SEGUNDO DIA - 22 DE AGOSTO
A primeira noite daquilo que se tornaria um novo e último estágio em minha vida foi recheada por pesadelos. No mais aterrador eu matava um homem a pauladas; as súplicas por piedade eram totalmente ignoradas por mim, que continuava acertar o sujeito até que seu rosto se tornasse uma massa disforme. Então, quando abria os olhos e me via coberto de sangue, notava que o homem havia se transformado em um animal parecido com um touro.
Contudo, o fato de ter matado um animal, e não um ser humano, não diminuía minha aflição; o cheiro pútrido de sangue e morte retornava e impregnava meus poros. Minha última ação foi olhar em direção aos céus e iniciar uma oração, mas, sobre mim, pairavam os olhos miúdos e fundos da velha mendiga que me abordara no supermercado.

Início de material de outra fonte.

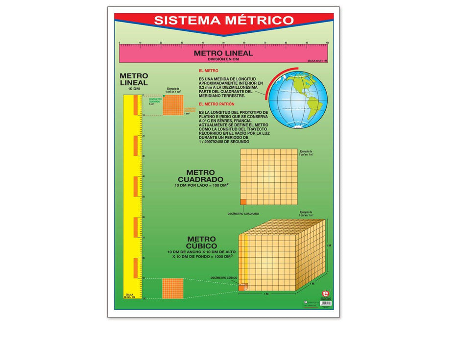 Es un excelente material didáctico, útil para el aprendizaje y/o reforzamiento del Sistema Métrico. Producto impreso en papel de 1ª clase, incluye perchas de plástico autoadheribles para colgarlo.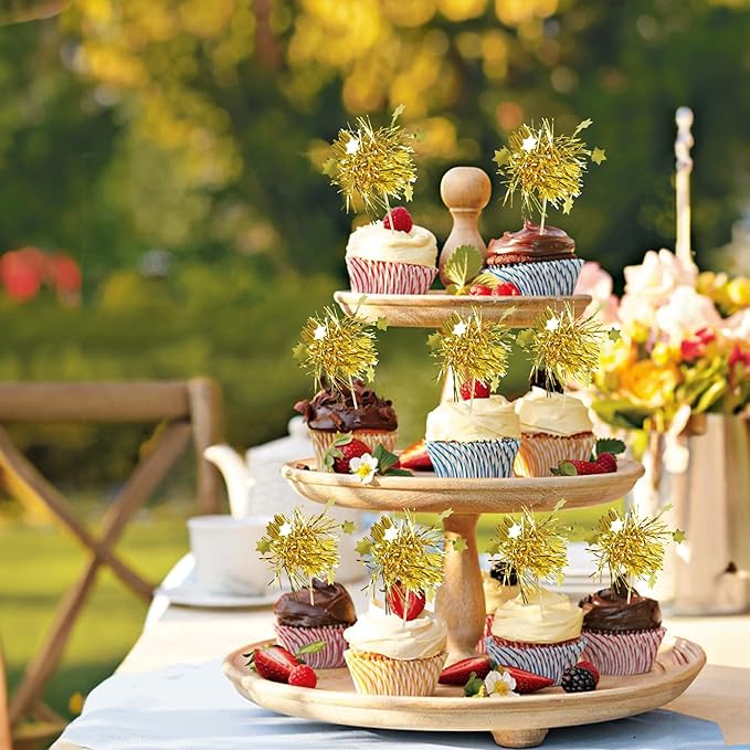 Gyufise 30Pcs Star Foil Firework Cupcake Toppers Sparkle Tinsel Cake Toppers Tinsel Drink Cake Decoration Cocktail Picks for Birthday Wedding Graduation Party Supplies Gold

Acordei banhado em suor, apesar de a noite ter sido agraciada com o clima fresco de agosto. Olhei para o lado e conferi a silhueta curvilínea de Sílvia; seu tronco coberto pelo lençol, as curvas do seu quadril, suas pernas bem torneadas.
Arrastei-me para junto dela e abracei-a por trás. Seu corpo estava quente e convidativo. Usando o cotovelo, ela me afastou, resmungando algo como "me deixa dormir".
Virei para o outro lado e conferi a hora no celular: cinco e quinze. Pulei da cama e tomei um banho demorado. Apesar de Alberto ter me apresentado provas bastante consistentes de que minha esposa era infiel, ao olhar para ela eu não conseguia acreditar nessa possibilidade. Mas era inegável que a dúvida, ou a minha incapacidade momentânea de aceitar a verdade, estavam me rasgando por dentro.
Vesti calça e camisa e escolhi um paletó limpo de tom chumbo. A cor combinava bem com meu estado de espírito, pensei.
Beijei a testa de Sílvia e cochichei que era hora de se levantar. Esticando-se, ela assustou-se ao conferir o horário.
- Meu Deus! Estou atrasada! – falou, saltando da cama. – Por que não me acordou?
- Eu desliguei o despertador do celular. Você estava tão bonita dormindo, e eu...
- Você quer sabotar meu emprego, Edu? – perguntou, arrancando a camisola por cima da cabeça e caminhando, nua, apressadamente para o banheiro – Você nunca fez isso!
- Isso o quê? – estranhei.
- Desligar o despertador. É tão dedicado aos horários quanto eu - ela respondeu. – Que merda! Não conseguirei nem lavar a cabeça.
Para ser sincero, eu não me recordava de ter desligado o despertador. Realmente Sílvia era uma mulher linda – tanto dormindo, quanto acordada – mas a desculpa de que ela estava bela ressonando em sono profundo foi a primeira coisa que me veio à cabeça quando ela me colocou contra a parede.
Além disso, eu sabia que ela tinha razão; ambos éramos extremamente responsáveis com horário de trabalho e agenda.
- Vou levar bronca e a culpa será sua! – ela continuou falando, tendo a voz abafada pelo barulho da água espocando contra o chão. – Que merda!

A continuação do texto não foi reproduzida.